Repeat the records word for word, excluding any picture.

::::::::::

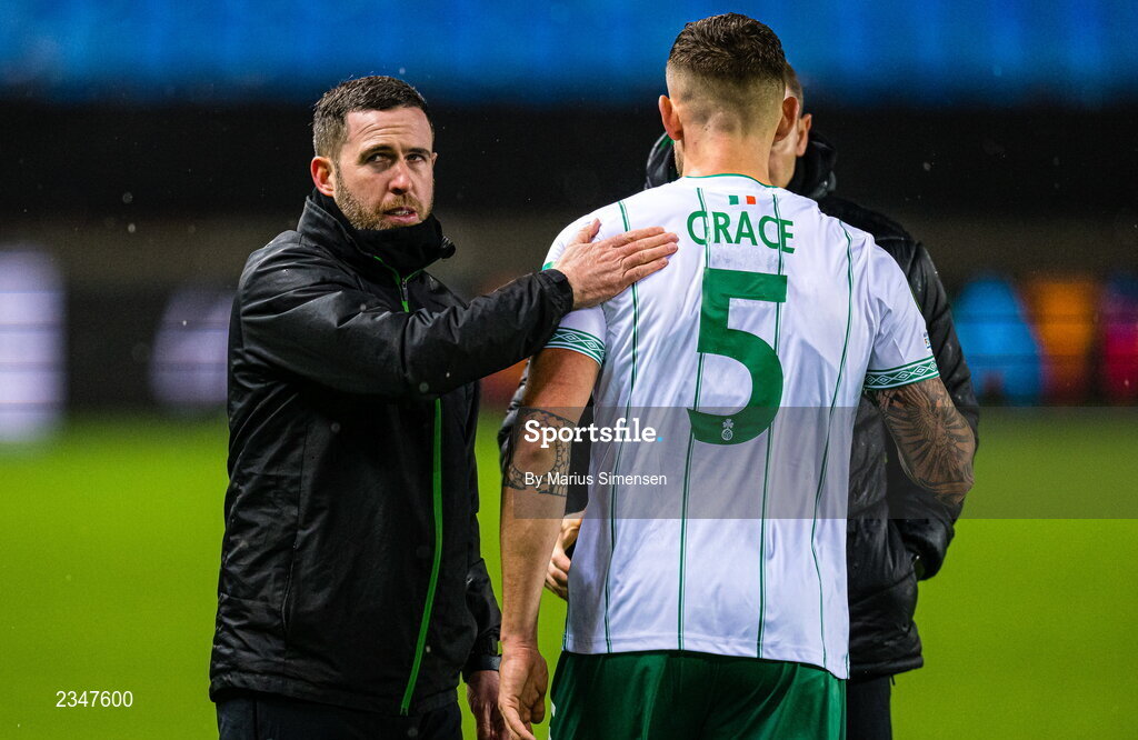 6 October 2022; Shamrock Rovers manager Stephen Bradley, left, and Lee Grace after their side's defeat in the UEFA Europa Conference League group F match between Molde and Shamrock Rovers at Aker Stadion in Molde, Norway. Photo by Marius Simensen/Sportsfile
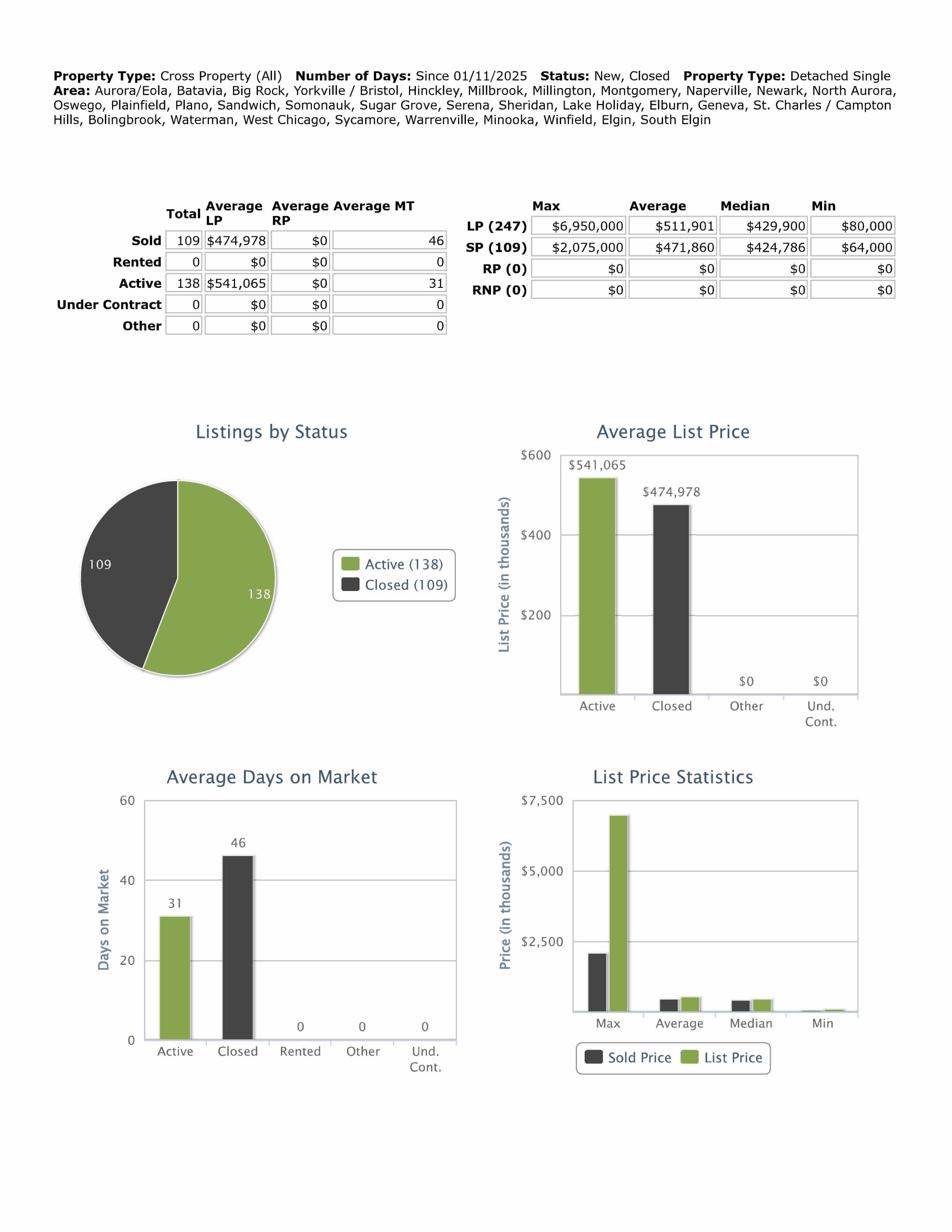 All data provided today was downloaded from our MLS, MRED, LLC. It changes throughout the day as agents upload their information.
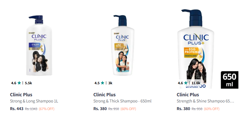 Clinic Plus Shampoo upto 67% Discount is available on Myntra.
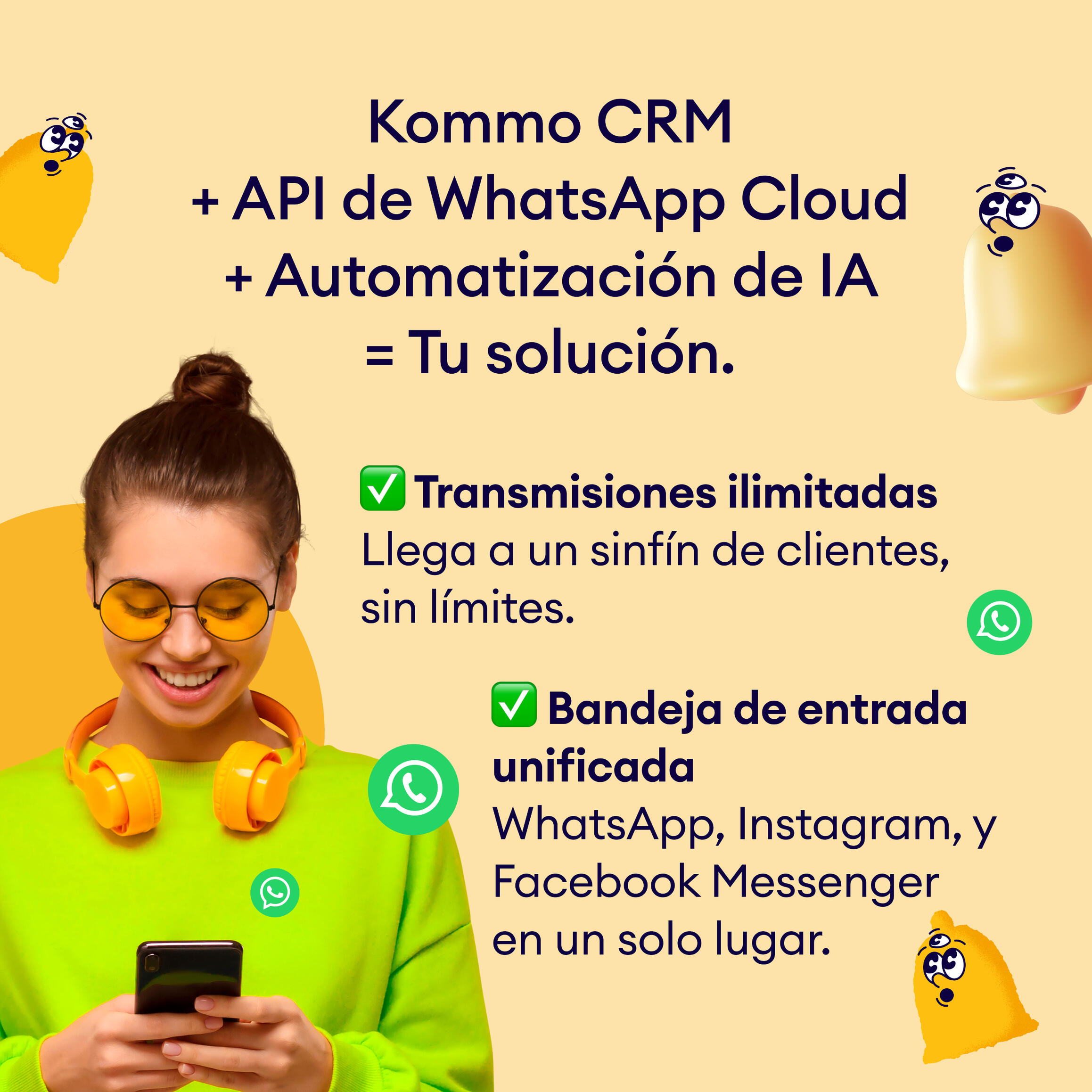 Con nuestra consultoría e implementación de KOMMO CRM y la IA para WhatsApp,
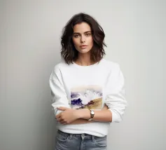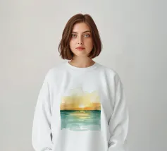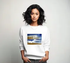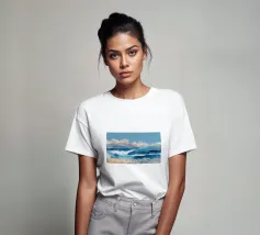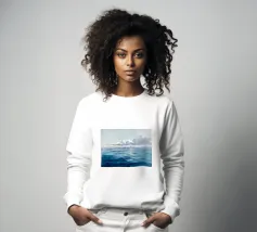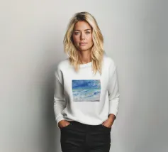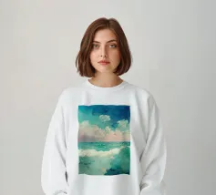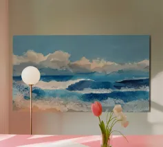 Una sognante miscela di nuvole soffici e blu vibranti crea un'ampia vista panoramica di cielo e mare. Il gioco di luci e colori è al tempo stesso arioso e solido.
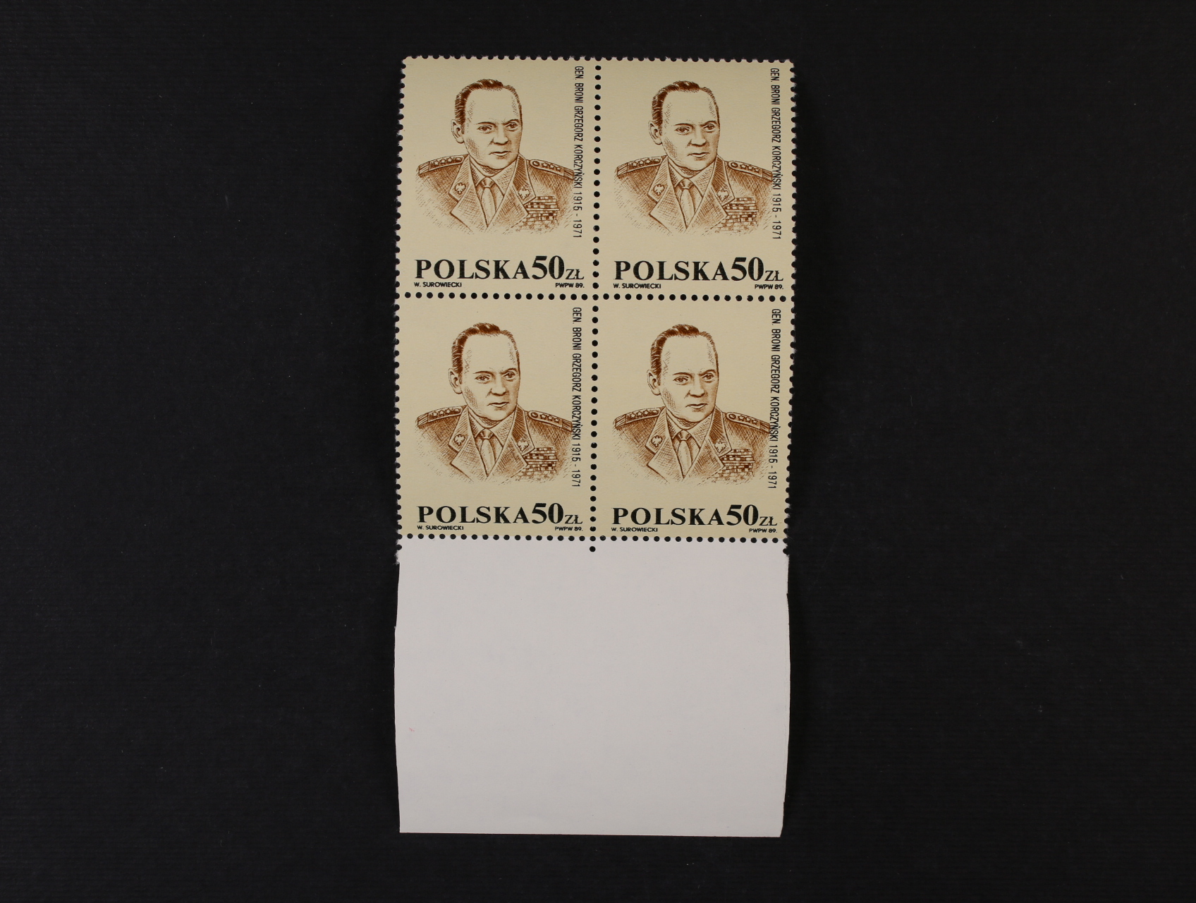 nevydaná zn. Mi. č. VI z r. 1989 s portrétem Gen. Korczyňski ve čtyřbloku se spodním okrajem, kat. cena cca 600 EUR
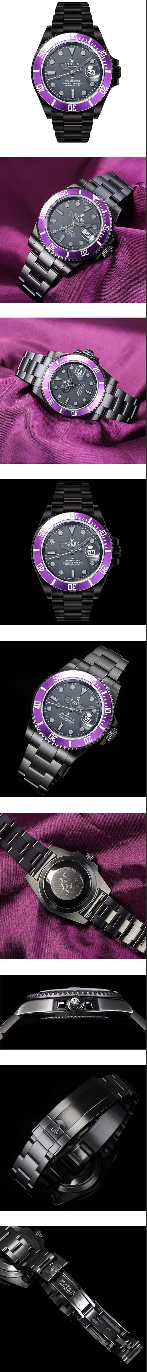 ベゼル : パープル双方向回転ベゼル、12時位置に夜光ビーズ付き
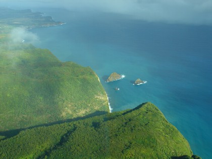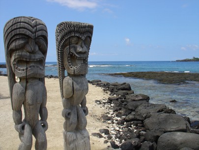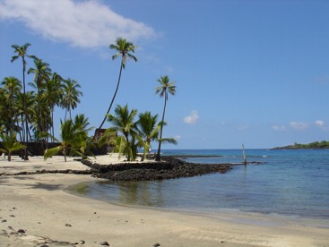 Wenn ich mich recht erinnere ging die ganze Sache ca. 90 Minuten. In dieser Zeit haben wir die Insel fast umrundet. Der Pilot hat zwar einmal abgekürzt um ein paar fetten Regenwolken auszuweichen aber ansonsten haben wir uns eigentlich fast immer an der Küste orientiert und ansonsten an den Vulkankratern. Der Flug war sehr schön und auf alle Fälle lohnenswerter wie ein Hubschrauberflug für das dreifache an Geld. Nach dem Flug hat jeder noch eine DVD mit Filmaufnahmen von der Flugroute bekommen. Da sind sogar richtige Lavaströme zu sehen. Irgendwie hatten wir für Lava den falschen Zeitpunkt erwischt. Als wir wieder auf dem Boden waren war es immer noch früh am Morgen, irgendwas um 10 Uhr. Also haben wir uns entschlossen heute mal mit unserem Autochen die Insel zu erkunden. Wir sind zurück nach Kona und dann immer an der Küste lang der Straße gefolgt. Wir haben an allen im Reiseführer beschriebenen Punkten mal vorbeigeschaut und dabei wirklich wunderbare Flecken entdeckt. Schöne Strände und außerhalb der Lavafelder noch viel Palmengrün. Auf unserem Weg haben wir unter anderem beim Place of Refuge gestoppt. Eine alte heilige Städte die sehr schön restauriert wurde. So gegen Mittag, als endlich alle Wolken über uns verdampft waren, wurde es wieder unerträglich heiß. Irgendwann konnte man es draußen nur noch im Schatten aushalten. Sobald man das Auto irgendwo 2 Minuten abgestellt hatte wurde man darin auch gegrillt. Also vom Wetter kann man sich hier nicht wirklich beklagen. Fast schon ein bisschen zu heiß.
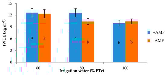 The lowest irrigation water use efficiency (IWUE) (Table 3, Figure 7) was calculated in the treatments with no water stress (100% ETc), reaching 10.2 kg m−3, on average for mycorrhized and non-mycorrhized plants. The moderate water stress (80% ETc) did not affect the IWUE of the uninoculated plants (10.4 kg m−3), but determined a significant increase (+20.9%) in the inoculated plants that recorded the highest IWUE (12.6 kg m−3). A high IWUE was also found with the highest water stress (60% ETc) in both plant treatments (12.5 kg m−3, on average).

::::::::::

=== TASK OUTPUT ===
 6 October 2022; Shamrock Rovers manager Stephen Bradley, left, and Lee Grace after their side's defeat in the UEFA Europa Conference League group F match between Molde and Shamrock Rovers at Aker Stadion in Molde, Norway. Photo by Marius Simensen/Sportsfile
 All data provided today was downloaded from our MLS, MRED, LLC. It changes throughout the day as agents upload their information.
 Clinic Plus Shampoo upto 67% Discount is available on Myntra.
 Con nuestra consultoría e implementación de KOMMO CRM y la IA para WhatsApp,
 Una sognante miscela di nuvole soffici e blu vibranti crea un'ampia vista panoramica di cielo e mare. Il gioco di luci e colori è al tempo stesso arioso e solido.
 nevydaná zn. Mi. č. VI z r. 1989 s portrétem Gen. Korczyňski ve čtyřbloku se spodním okrajem, kat. cena cca 600 EUR
 ベゼル : パープル双方向回転ベゼル、12時位置に夜光ビーズ付き
 Wenn ich mich recht erinnere ging die ganze Sache ca. 90 Minuten. In dieser Zeit haben wir die Insel fast umrundet. Der Pilot hat zwar einmal abgekürzt um ein paar fetten Regenwolken auszuweichen aber ansonsten haben wir uns eigentlich fast immer an der Küste orientiert und ansonsten an den Vulkankratern. Der Flug war sehr schön und auf alle Fälle lohnenswerter wie ein Hubschrauberflug für das dreifache an Geld. Nach dem Flug hat jeder noch eine DVD mit Filmaufnahmen von der Flugroute bekommen. Da sind sogar richtige Lavaströme zu sehen. Irgendwie hatten wir für Lava den falschen Zeitpunkt erwischt. Als wir wieder auf dem Boden waren war es immer noch früh am Morgen, irgendwas um 10 Uhr. Also haben wir uns entschlossen heute mal mit unserem Autochen die Insel zu erkunden. Wir sind zurück nach Kona und dann immer an der Küste lang der Straße gefolgt. Wir haben an allen im Reiseführer beschriebenen Punkten mal vorbeigeschaut und dabei wirklich wunderbare Flecken entdeckt. Schöne Strände und außerhalb der Lavafelder noch viel Palmengrün. Auf unserem Weg haben wir unter anderem beim Place of Refuge gestoppt. Eine alte heilige Städte die sehr schön restauriert wurde. So gegen Mittag, als endlich alle Wolken über uns verdampft waren, wurde es wieder unerträglich heiß. Irgendwann konnte man es draußen nur noch im Schatten aushalten. Sobald man das Auto irgendwo 2 Minuten abgestellt hatte wurde man darin auch gegrillt. Also vom Wetter kann man sich hier nicht wirklich beklagen. Fast schon ein bisschen zu heiß.
 The lowest irrigation water use efficiency (IWUE) (Table 3, Figure 7) was calculated in the treatments with no water stress (100% ETc), reaching 10.2 kg m−3, on average for mycorrhized and non-mycorrhized plants. The moderate water stress (80% ETc) did not affect the IWUE of the uninoculated plants (10.4 kg m−3), but determined a significant increase (+20.9%) in the inoculated plants that recorded the highest IWUE (12.6 kg m−3). A high IWUE was also found with the highest water stress (60% ETc) in both plant treatments (12.5 kg m−3, on average).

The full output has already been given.